Feb 1, 2022

The Secret Sauce for Tech Startups Featuring Kyle York

By Stavvy Team

We’re excited to speak with today’s guest whose background is unlike any of our previous guests. He's not from the mortgage industry. He's not from the title insurance industry. He's an entrepreneur. He's an investor. He's a mentor. He's an ally. But most importantly, he's our friend, Kyle York of York IE, based in the awesome state of New Hampshire and a local success story for an amazing school, Bentley University.

Kyle’s career has been exclusively in the B2B SaaS world—in a traditional corporate job and later in startups, including Dyn, a managed DNS pioneer that was sold to Oracle in 2016. Now he invests in and advises startups in the B2B SaaS space.

Entrepreneurs out there, this is an episode not to be missed!

Listen Now: The Secret Sauce for Tech Startups Featuring Kyle York


3 Noteworthy Takeaways from the Episode

#1: What entrepreneurs need

Kyle has invested in more than 100 startups, all B2B recurring revenue software companies. “My perspective is that the industries that are the most highly regulated are actually the most ripe for disruption,” he suggests. “And I think only modern entrepreneurs and modern technologists are the ones capable of disrupting those industries. Because they're going to look at the world very differently than some of the traditional players in these industries look at the world.”

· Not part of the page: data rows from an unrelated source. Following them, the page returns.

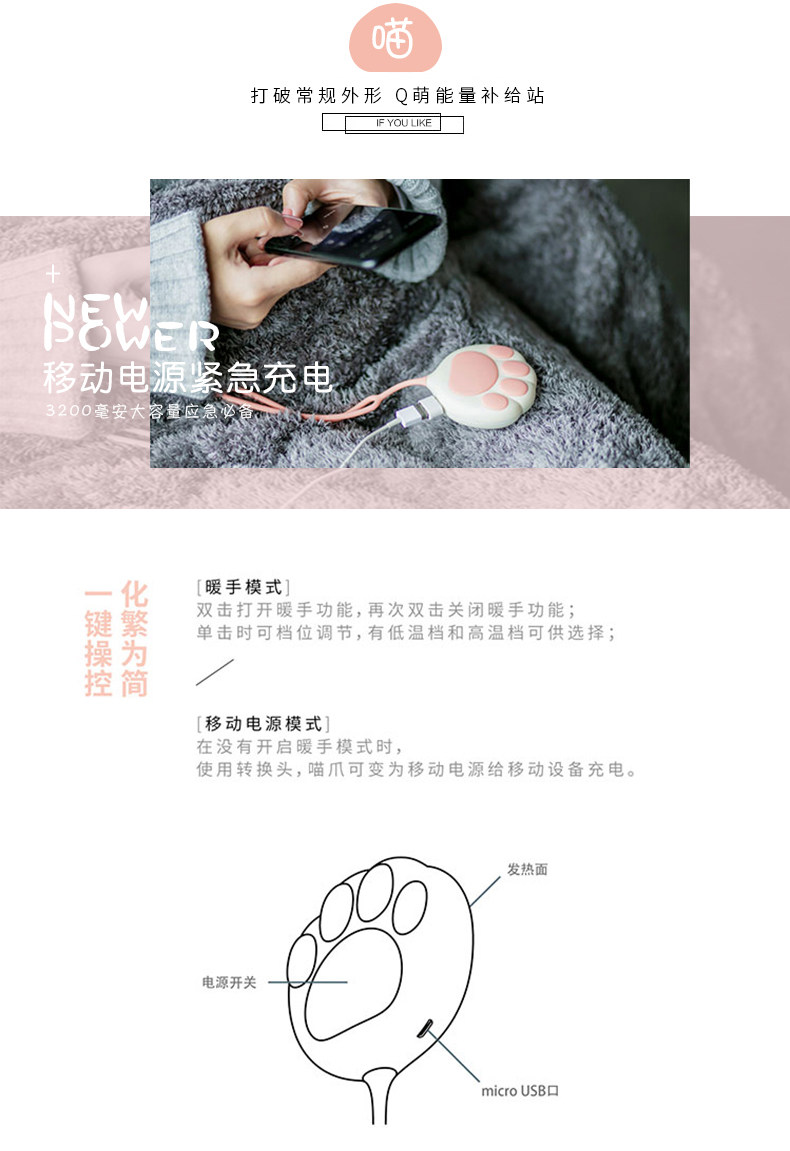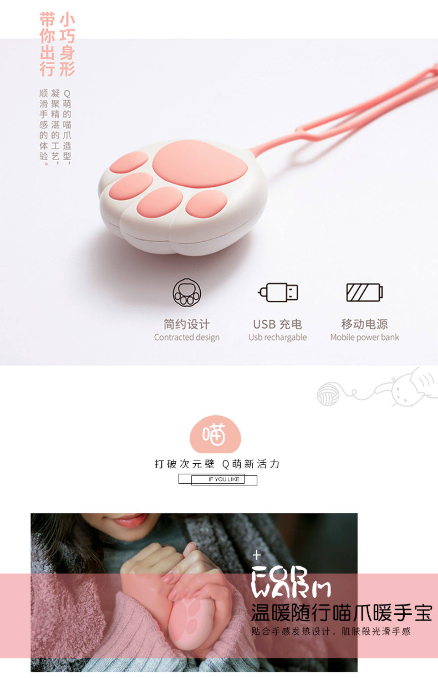 Теплая рука, девушка, один теплый детские Милый студент кошачий когтя рука держа зарядное сокровище артефакт портативный портативный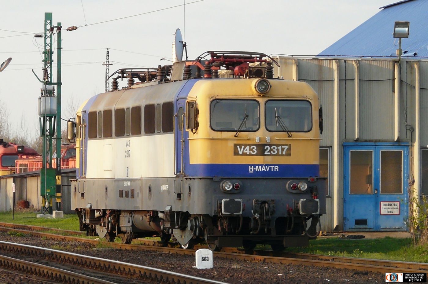 | Электровоз V43-2317 на стоянке в депо Захонь, Венгрия Автор: Михаил Кульгейко | Фото сделано 16.IV.2011, опубликовано 4.V.2011.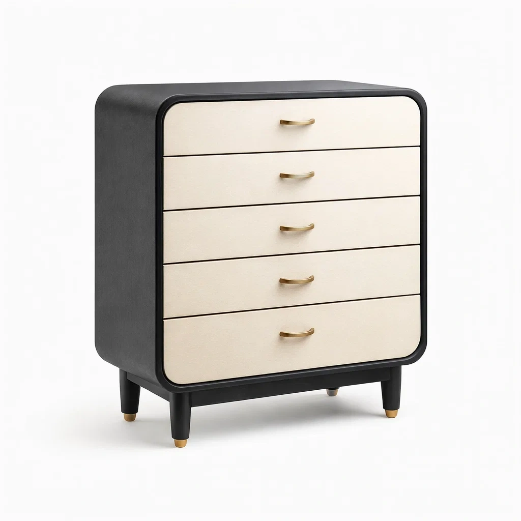 Commode en MDF noir et beige avec 5 tiroirs 80 x 40 x 90 cm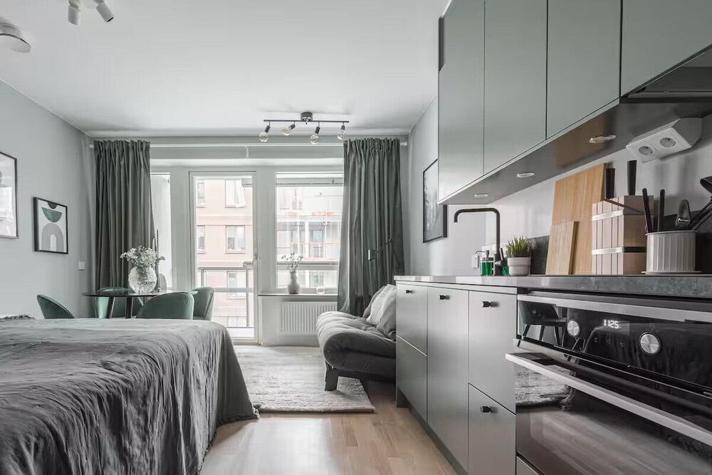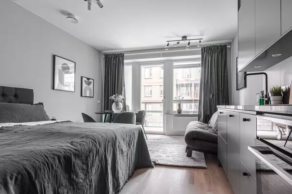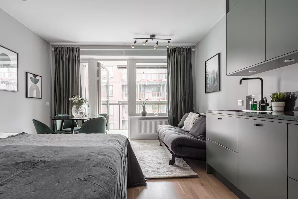 Experience a cozy retreat in the heart of Stockholm at Modern Studios by Karolinska Institutet.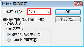 表示された[回転方法の指定]のプルダウンメニューから角度を選択するか、直接数値を入力して[OK]をクリックします。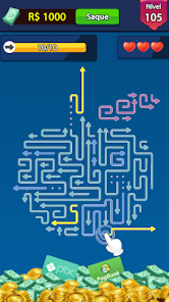 Flechas em Fuga: Dinheiro Real es un juego de rompecabezas disponible en Android, que combina diversión con la posibilidad de ganar dinero real. En este juego, los jugadores deben desenredar flechas en un laberinto sin que se crucen entre sí, lo que pone a prueba su lógica y habilidades de resolución de problemas. Cada nivel superado no solo ofrece satisfacción, sino también recompensas monetarias, ya que el sistema acredita automáticamente un bonus tras completar cada fase.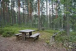 There are also many areas for protection of specific types of nature or specific features of the nature, such as mire, old-growth forest and esker protection areas. Camping and campfires are forbidden in old-growth forest and in certain lush wood types (lehto, lund). Otherwise these areas typically have no restrictions relevant for visitors, other than those on any land, but you should probably be especially careful about not causing erosion or wildfire and not to harm plants and wildlife.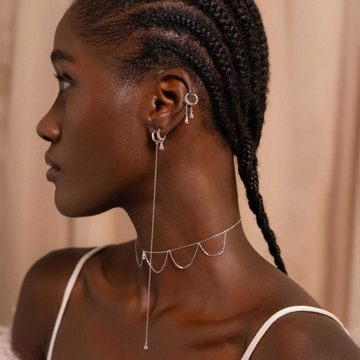 Orecchino singolo in argento 925 con cerchio piccolo, catena extra-long fine e delicata e goccia pendente finale in zircone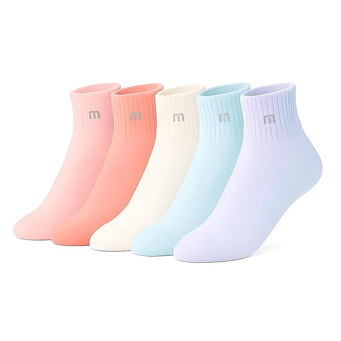 MULTI-PACK VALUE: Set includes 5 pairs of ankle socks in trendy colours - pink, white, beige, mint green, and black, each adorned with a charming heart pattern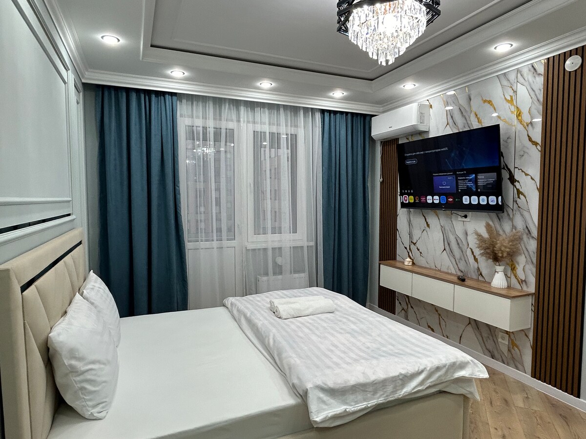 Bienvenido al apartamento de élite ubicado en el complejo residencial Al-Farabi cerca de la plaza. El apartamento está recién reformado con todos los elementos básicos necesarios para una estancia larga y cómoda para una estancia larga y cómoda: todos los electrodomésticos, internet wifi de alta velocidad, TV por cable, plazas para dormir 2, también hay un sofá plegable de 2 camas para los huéspedes, todos los muebles necesarios, platos para cocinar y comer.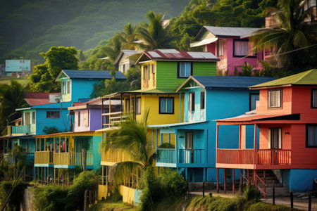 Colorful wooden houses on the island of Sri Lanka, Asia, Colorful houses on the tropical island of Barbados, AI Generated

York IE works with both pre-seed businesses—providing the earliest stage funding—and others farther along in the process. “If you're pre-seed, get in the top of our funnel, get into our [investment] process,” he says. “Anyone who's bigger and just needs help with their growth, we've built a 35-person team of all functional disciplines to help startups on that scaling journey. I always say, we are like a nice warm blanket for you as you continue to grow.” That blanket may span capital strategy, operations, product development, talent and culture, or other areas. This kind of help is needed, he explains, because the traditional agencies, banks, and analyst firms “just don’t have the urgency, the business models, the economic models, the teams to help.”

#2: Founder-market fit

So how does a savvy, discerning firm like York IE identify a high potential startup worthy of investment? Many in the venture capital field fixate on so-called product-market fit, supported by competitive positioning, intellectual property and technology, a financial strategy, a go-to-market plan, and so on.

Kyle looks for all these things, but also something even more fundamental. “I actually think the biggest thing we've been hovering around lately is founder-market fit,” he says. “We see a lot of companies that founders have no right founding. It makes no sense. Why are you building a marketplace company in a digital jewelry sales or something, when you have zero reasoning, practical experience, interest do so? Because a lot of times I feel like people decide they want to be an entrepreneur and then go try to find the idea to implement.” Kyle looks for founders who know their industry and match the challenge they are up against.

#3: Does location matter?

Although Kyle’s career took him to California for a bit, his roots are decidedly New England, with York IE headquartered in Manchester, NH. We wondered how he felt about the technology scene in the Boston region, especially compared to other tech enclaves.

He did admit there’s a real hometown bias. “If you're Boston, I'll join the first call. I don't even make you go through a process. Comes in through a buddy, like I connected to you guys through a friend, like, boom, boom, boom,” Kyle describes. “I do think there's a familial communal aspect to Boston and a grit and a grind, and an intellectual [tie] of course, through our educational institutions, that connects us.”

On the other hand, he feels too much emphasis, especially in VC media coverage, rides on location. “I think everybody is a little bit too parochial about Silicon Valley versus New York, versus Boston, versus Miami, versus Austin. I mean, I built my startup to $100 million annual recurring revenue in New Hampshire and sold it to Oracle. I actually think you can build great companies in FinTech, in infrastructure, in consumer, in marketplace, anywhere you wish.”

It’s gratifying to see the work Kyle is doing with startups across a variety of sectors. It’s been our pleasure working with him, and appreciate him joining us for an entrepreneurial episode of FinSide Chats.

“The hardest part about building a startup isn't the ideation phase. It's the knowing how to bob and weave on the execution journey along the way.”